La première séquence, à l’ouest (quais Rhuys et Hoche), est abordée sous l’angle de l’attention au contexte, de la valorisation et du respect de l’existant (nature des sols en pavés, typologie du site, alignement de platanes...). La proposition est donc de prolonger ici « les usages et cultures locales qui se sont sédimentés progressivement sur les rives », sur un site qui restera plus minéral que le boulevard Doumergue avec notamment la conservation des pavés existants.
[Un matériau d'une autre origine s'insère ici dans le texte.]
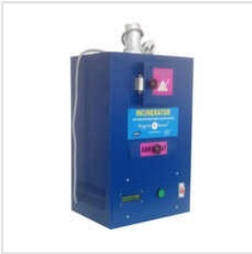
Sanitary Napkin Incinerator Machine

La partie est, après le pont Audibert, est perçue comme un lieu plus neuf, un lieu d’acclimatation où faire émerger de nouveaux usages. Ici prime l’inventivité, définie comme « faire du plus avec le moins». La proposition d’aménagement valorise le caractère naturel et fluvial des berges. Le quai, plus large, se prête parfaitement à utiliser le dynamisme nantais pour créer des usages expérimentaux qu’il conviendra de définir au fil d’ateliers de concertation avec les riverains et futurs usagers. Il est néanmoins proposé d’y aménager une guinguette dont les conditions d’animation devront être définies. Le reste du site sera doté de différents équipements, qui sont également à définir au fur et à mesure de la concertation, tels qu’une aire de pique-nique, des espaces de jeux pour enfants ou d’expression artistique, etc.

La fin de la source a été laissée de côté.